[Data records]
- - -

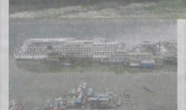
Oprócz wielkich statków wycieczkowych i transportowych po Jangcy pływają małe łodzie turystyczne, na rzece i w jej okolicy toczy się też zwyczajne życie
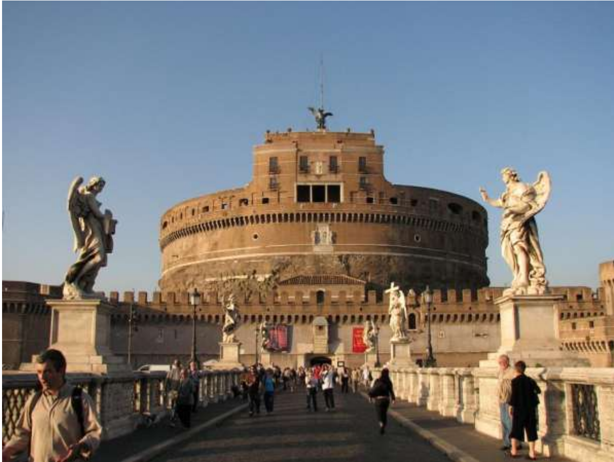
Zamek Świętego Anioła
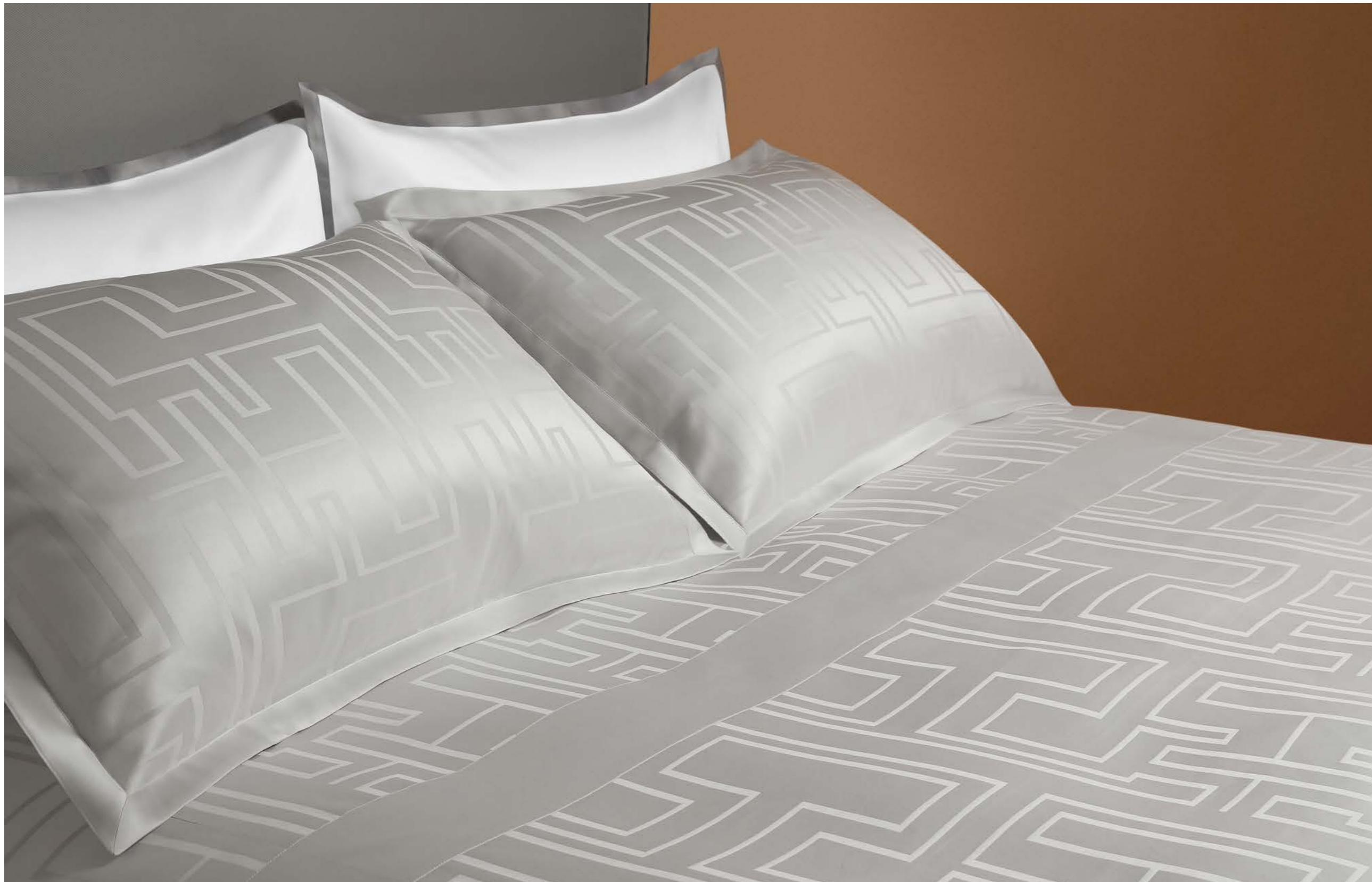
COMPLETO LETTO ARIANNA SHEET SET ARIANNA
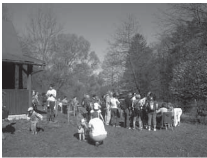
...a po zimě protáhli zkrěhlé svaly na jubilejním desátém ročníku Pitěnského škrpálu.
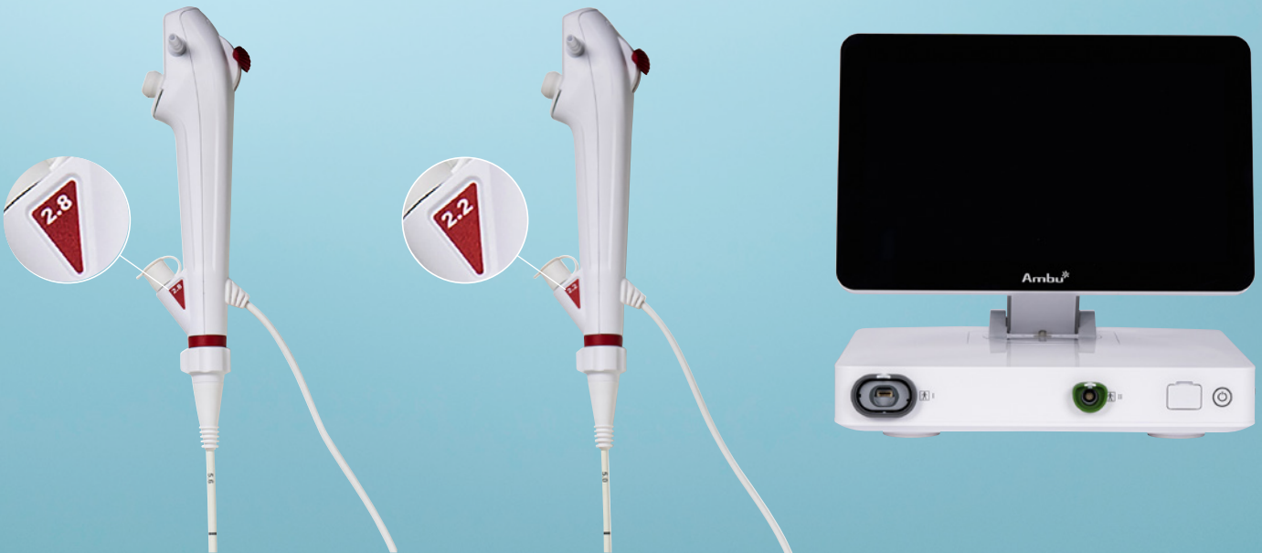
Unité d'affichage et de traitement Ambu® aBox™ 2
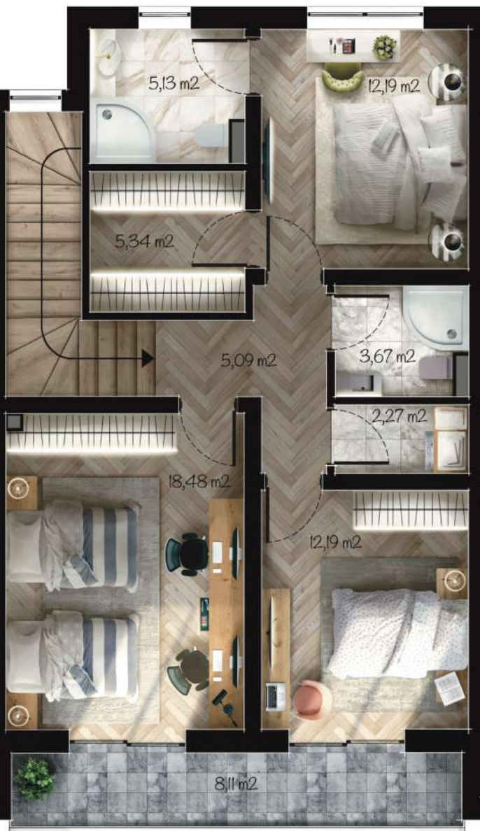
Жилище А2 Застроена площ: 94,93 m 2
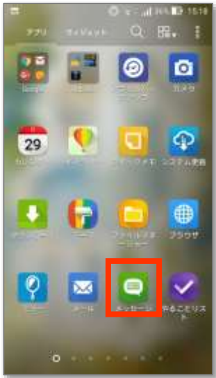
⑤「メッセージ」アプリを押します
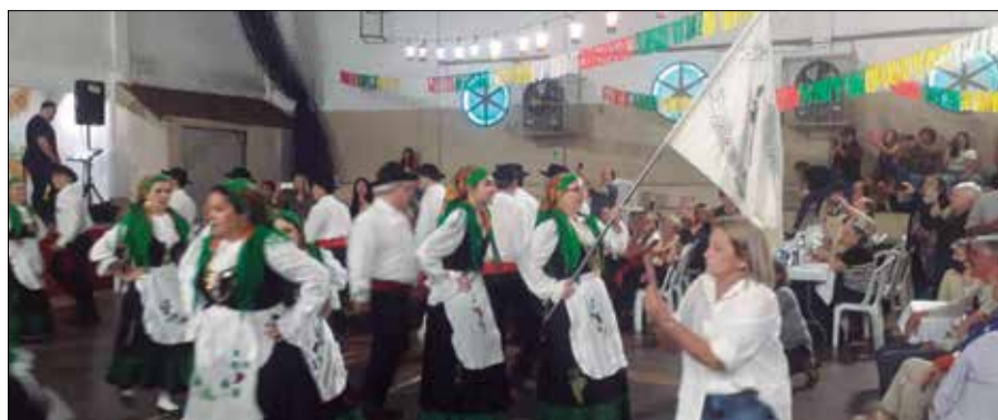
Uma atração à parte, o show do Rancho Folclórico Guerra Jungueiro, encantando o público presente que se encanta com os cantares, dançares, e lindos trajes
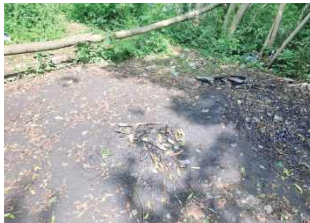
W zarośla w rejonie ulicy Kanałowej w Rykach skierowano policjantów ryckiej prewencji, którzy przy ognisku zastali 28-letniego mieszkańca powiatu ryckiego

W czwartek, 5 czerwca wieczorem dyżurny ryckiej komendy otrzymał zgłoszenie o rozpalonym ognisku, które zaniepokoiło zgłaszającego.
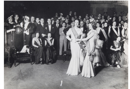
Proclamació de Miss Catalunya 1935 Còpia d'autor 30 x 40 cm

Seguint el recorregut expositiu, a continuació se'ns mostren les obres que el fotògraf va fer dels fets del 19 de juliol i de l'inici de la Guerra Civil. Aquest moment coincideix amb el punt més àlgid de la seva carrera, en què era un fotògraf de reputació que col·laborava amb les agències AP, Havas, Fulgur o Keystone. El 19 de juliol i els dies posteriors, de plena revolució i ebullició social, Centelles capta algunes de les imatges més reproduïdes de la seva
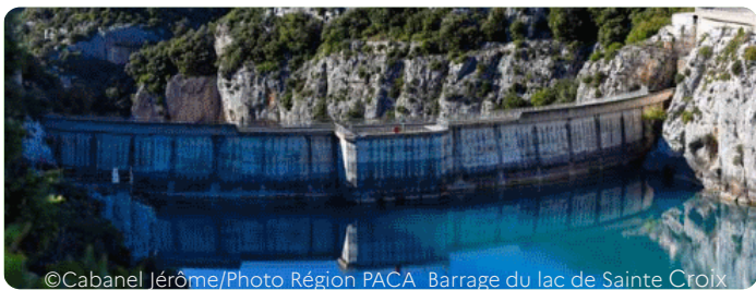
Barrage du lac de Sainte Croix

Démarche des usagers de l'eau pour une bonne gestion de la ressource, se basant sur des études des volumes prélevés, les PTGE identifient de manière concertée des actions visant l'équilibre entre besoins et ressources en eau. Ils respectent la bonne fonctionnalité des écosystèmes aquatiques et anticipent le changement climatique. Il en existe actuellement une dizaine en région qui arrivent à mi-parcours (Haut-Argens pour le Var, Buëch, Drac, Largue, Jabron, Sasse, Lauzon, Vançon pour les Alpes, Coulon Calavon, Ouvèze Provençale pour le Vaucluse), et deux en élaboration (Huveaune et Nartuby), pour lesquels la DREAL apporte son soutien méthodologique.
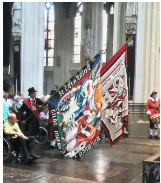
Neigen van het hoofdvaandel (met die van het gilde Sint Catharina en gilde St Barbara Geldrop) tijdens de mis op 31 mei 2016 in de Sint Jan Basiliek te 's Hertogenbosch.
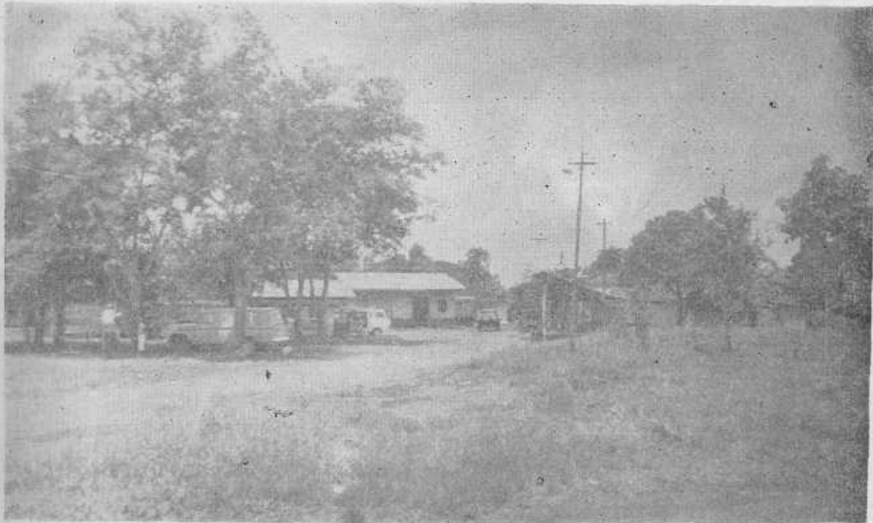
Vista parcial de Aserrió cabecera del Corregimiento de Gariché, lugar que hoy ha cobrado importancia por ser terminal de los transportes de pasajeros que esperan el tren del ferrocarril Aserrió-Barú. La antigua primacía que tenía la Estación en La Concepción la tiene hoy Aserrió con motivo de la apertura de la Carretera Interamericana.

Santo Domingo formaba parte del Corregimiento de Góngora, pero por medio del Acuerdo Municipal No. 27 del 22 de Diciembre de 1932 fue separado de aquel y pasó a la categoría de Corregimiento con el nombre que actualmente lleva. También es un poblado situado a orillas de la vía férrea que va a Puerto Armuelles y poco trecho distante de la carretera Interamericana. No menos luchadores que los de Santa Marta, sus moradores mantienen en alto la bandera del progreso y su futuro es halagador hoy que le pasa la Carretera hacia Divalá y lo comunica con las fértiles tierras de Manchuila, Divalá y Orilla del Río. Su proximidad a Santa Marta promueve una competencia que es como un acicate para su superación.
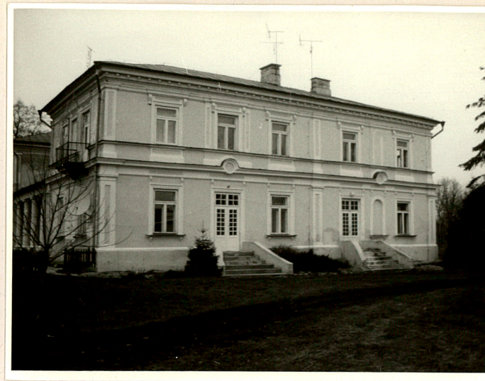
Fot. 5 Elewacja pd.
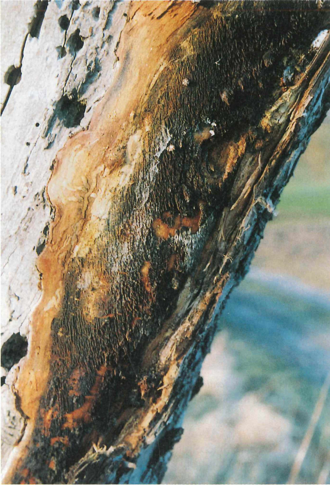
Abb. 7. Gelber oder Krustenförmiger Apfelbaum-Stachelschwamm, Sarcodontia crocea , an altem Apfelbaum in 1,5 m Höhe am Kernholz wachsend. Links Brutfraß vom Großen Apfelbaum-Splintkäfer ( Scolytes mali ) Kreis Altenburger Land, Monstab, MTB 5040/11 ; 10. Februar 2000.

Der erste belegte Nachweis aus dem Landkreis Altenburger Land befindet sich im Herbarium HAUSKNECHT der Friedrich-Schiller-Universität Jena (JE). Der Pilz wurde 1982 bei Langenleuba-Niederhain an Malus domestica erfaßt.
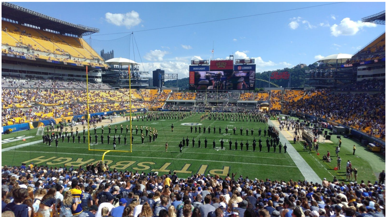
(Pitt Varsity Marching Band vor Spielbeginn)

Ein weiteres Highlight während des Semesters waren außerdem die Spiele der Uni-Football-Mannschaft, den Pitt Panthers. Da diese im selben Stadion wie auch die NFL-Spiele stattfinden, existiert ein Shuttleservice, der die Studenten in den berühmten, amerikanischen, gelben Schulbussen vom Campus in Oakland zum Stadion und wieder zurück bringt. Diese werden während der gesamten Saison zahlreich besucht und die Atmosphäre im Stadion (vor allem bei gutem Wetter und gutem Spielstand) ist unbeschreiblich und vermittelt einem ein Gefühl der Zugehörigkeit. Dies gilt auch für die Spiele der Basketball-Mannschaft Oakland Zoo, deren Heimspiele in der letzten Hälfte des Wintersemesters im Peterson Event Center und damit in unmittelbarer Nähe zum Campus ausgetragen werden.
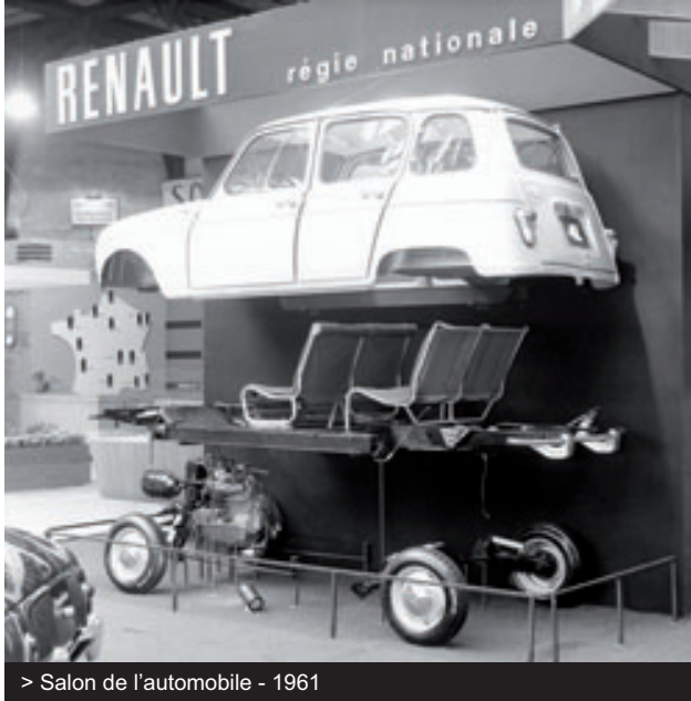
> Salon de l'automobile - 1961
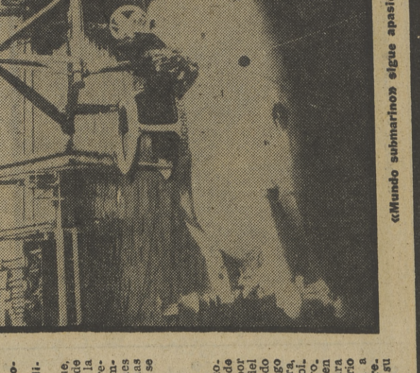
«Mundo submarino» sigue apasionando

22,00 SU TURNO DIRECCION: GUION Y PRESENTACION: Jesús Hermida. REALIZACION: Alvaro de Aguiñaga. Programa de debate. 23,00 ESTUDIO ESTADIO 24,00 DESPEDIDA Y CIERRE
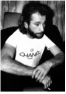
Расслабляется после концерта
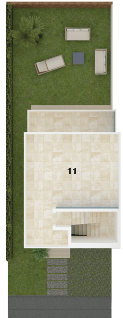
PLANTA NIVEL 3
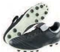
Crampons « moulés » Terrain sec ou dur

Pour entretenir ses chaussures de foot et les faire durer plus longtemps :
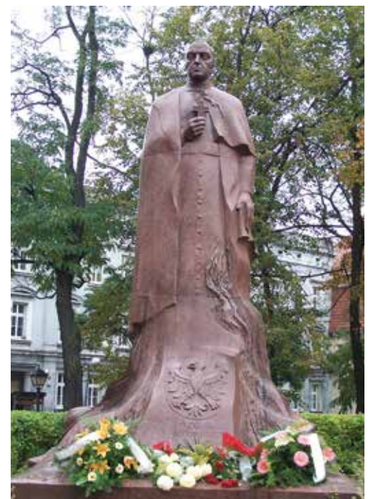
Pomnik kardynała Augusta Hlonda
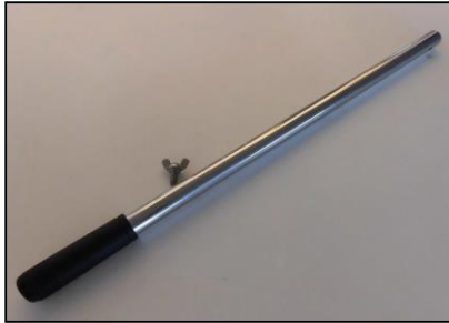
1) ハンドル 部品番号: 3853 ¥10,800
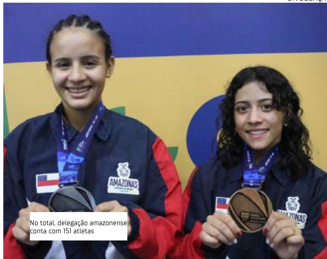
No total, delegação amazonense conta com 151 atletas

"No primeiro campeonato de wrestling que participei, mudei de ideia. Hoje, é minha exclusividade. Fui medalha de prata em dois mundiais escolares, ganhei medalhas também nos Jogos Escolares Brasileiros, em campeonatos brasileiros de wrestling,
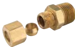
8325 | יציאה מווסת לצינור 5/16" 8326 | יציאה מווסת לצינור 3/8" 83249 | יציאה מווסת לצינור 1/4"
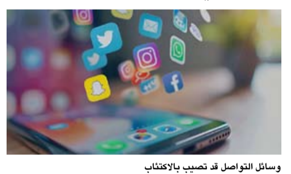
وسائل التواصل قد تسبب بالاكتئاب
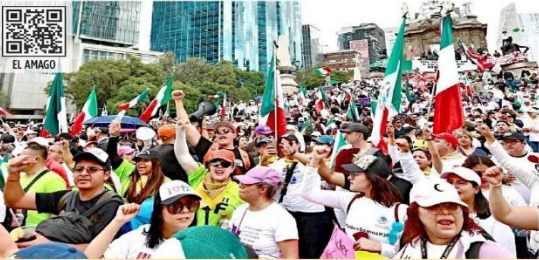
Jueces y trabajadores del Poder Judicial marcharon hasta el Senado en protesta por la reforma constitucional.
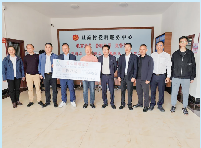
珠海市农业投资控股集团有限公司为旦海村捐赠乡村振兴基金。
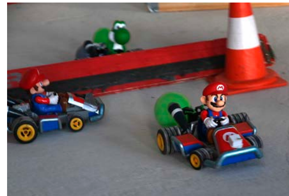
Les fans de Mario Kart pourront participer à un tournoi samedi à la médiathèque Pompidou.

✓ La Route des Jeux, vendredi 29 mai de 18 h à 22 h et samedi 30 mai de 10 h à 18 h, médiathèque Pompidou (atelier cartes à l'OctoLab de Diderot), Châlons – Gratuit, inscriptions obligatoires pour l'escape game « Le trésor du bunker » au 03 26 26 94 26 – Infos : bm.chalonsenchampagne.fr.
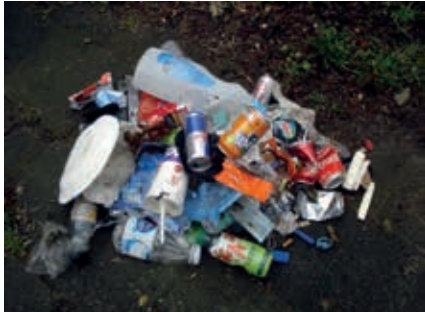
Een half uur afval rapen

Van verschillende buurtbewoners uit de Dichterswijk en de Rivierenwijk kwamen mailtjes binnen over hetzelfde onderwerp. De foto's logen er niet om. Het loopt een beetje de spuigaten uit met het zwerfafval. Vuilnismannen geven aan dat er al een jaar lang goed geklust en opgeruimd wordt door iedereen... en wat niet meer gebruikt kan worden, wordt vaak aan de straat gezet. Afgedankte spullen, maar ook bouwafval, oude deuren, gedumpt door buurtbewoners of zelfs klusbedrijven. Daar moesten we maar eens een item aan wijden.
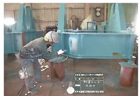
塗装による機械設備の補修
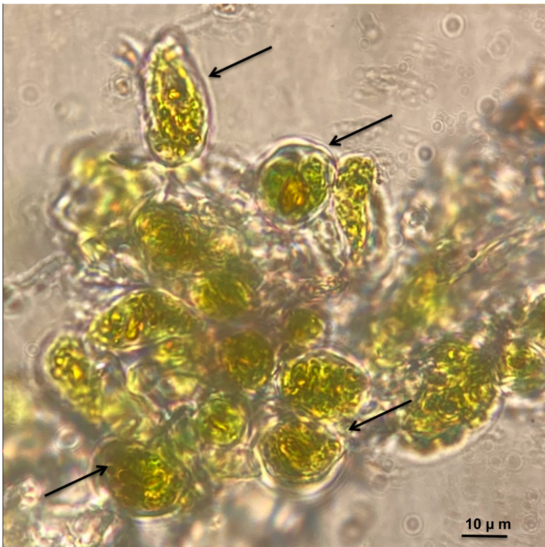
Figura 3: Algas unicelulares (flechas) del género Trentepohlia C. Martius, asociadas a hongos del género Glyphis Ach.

- - -

> [DESCRIPTION OF THE TASK] Set the pictures aside and retype exactly the lines above from the line with "(Pitt Varsity Marching Band vor Spielbeginn)" to the line with "وسائل التواصل قد تسبب بالاكتئاب", both included, adding no others.

> [YOUR SOLUTION]
(Pitt Varsity Marching Band vor Spielbeginn)

Ein weiteres Highlight während des Semesters waren außerdem die Spiele der Uni-Football-Mannschaft, den Pitt Panthers. Da diese im selben Stadion wie auch die NFL-Spiele stattfinden, existiert ein Shuttleservice, der die Studenten in den berühmten, amerikanischen, gelben Schulbussen vom Campus in Oakland zum Stadion und wieder zurück bringt. Diese werden während der gesamten Saison zahlreich besucht und die Atmosphäre im Stadion (vor allem bei gutem Wetter und gutem Spielstand) ist unbeschreiblich und vermittelt einem ein Gefühl der Zugehörigkeit. Dies gilt auch für die Spiele der Basketball-Mannschaft Oakland Zoo, deren Heimspiele in der letzten Hälfte des Wintersemesters im Peterson Event Center und damit in unmittelbarer Nähe zum Campus ausgetragen werden.
> Salon de l'automobile - 1961
«Mundo submarino» sigue apasionando

22,00 SU TURNO DIRECCION: GUION Y PRESENTACION: Jesús Hermida. REALIZACION: Alvaro de Aguiñaga. Programa de debate. 23,00 ESTUDIO ESTADIO 24,00 DESPEDIDA Y CIERRE
Расслабляется после концерта
PLANTA NIVEL 3
Crampons « moulés » Terrain sec ou dur

Pour entretenir ses chaussures de foot et les faire durer plus longtemps :
Pomnik kardynała Augusta Hlonda
1) ハンドル 部品番号: 3853 ¥10,800
No total, delegação amazonense conta com 151 atletas

"No primeiro campeonato de wrestling que participei, mudei de ideia. Hoje, é minha exclusividade. Fui medalha de prata em dois mundiais escolares, ganhei medalhas também nos Jogos Escolares Brasileiros, em campeonatos brasileiros de wrestling,
8325 | יציאה מווסת לצינור 5/16" 8326 | יציאה מווסת לצינור 3/8" 83249 | יציאה מווסת לצינור 1/4"
وسائل التواصل قد تسبب بالاكتئاب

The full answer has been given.